The prison caste system is often raised in the media in recent times; it is often discussed in connection with the political prisoners. However, almost all who write on the subject know about it at best from the stories of former inmates or use common social stereotypes. As a result, there are often a lot of blunders and false representation.
Prison conditions are difficult and sometimes life threating. A prisoner has an average space of 2m2. Prisoners are forced to work and compensations are very low. The Department for the Execution of Punishment does not provide security equipment. Accidents at work are common and sometimes lead to death. Medical care is precarious. Tuberculosis is four times more prevalent in prisons than outside.
The Lukashenka regime often uses politically motivated administrative detentions for up to 15 days to fight against civil society and the opposition in Belarus.
Akrestsina Dentention Centre
Standard cells in the Akrestsina facility are approximately 15 square metres, usually for five to six people. There also have a toilet and a sink in the cell (political activists often joke that the whole cell is actually a large closet). So each person has about two square metres of space.

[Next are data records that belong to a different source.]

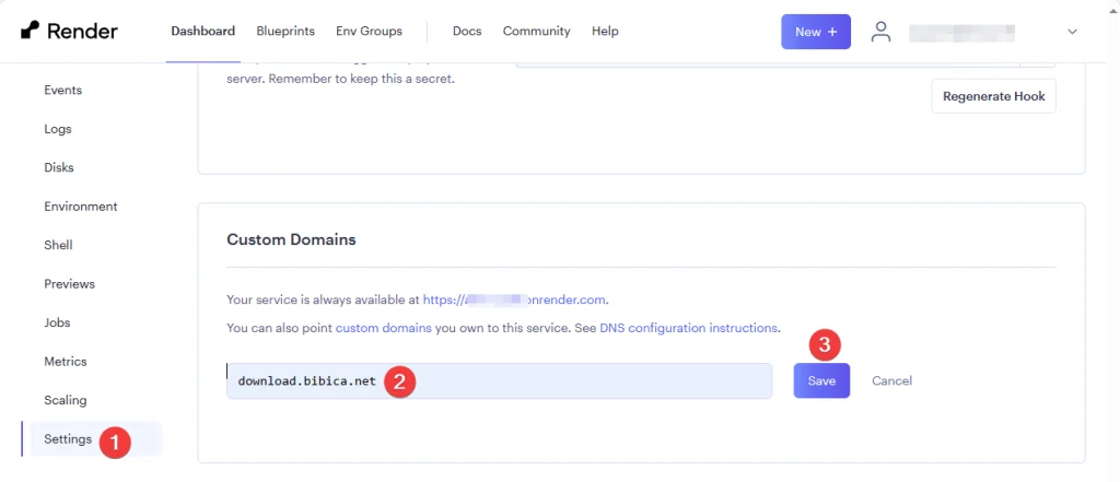 Vào tab Setting sau đó kéo xuống dưới sẽ thấy phần Custom Domains, điền vào 1 subdomain mà bạn muốn sử dụng, trỏ CNAME về theo hướng dẫn của Render
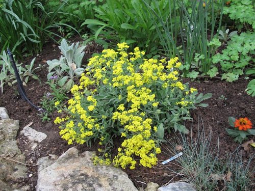 The basket of gold is a member of the allusum flower family and these low growing flowers. Act as kinda a ground cover with 100s of smaller yellow blooms
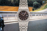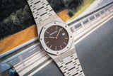 A very rare and exceptionally well-preserved unpolished stainless steel 1990s Audemars Piguet Royal Oak Mid-size 33mm with a warm patina on a perfect condition famous Audemars Piguet petite tapisserie grey dial with matching hands. The watch is in excellent condition showing light signs of age and or scratches. All watches are checked by our watchmaker and guaranteed 3 months, 1 year if serviced. This reference has been serviced and is mechanically guaranteed 1 year.

Such high density is possible due to the fact that prisoners sleep together on a “stage” – the so-called improvised wooden bed that takes up most of the camera. Naturally, there is not enough space on the stage for everyone, so the residents have to sleep very tight. Quite often, people sleep so tightly that if one person on the “stage” wants to turn over, all the others have to turn over altogether.
Heating and ventilation are such that it is cold in the cells in winter and hot in summer. In some cells, it is impossible to open the window, so in summer the temperature exceeds the limit. It is difficult to provide exact numbers as there are no thermometers in the cells, and the police do not give accurate information. People arrested for the first time always remember the toilet, which is just a hole in the floor.
Prisoners
Prisoners do not have watches, although “experienced” people can tell approximate time by the daily routine (wake up, breakfast, lunch, dinner) and by planes flying over Minsk. Generally, direct communication with the outside world is impossible – all electronic devices are taken away.
Prisoners can write letters using ordinary envelopes but police officers read letters and often do not send them to the addressees. Further, every seven days, a prisoner has a right to take a shower.
Apart from civil activists, most people who are detained there are petty thieves, drug addicts or homeless. From time to time, the police “throw” political activists into the cells with sick people on purpose.
Administrative detentions are especially hard to bear for women who are afraid of rats. Rats feel as calm as humans in the Akrestsina cells, they even move quite slowly.
Struggle For Human Conditions
Naturally, everything described above violates international standards, as well as Belarusian legislation. Political activists have long been struggling for better confinement conditions in the centre for the isolation of law-breakers.
However, sometimes it is impossible. For the last several years there is a very popular practice in Akrestsina – to drive the newly released prisoners to the industrial areas of the city and throw them out of the car there. Usually, activists call a taxi and go back to the detention center to meet with the people who came to express their solidarity.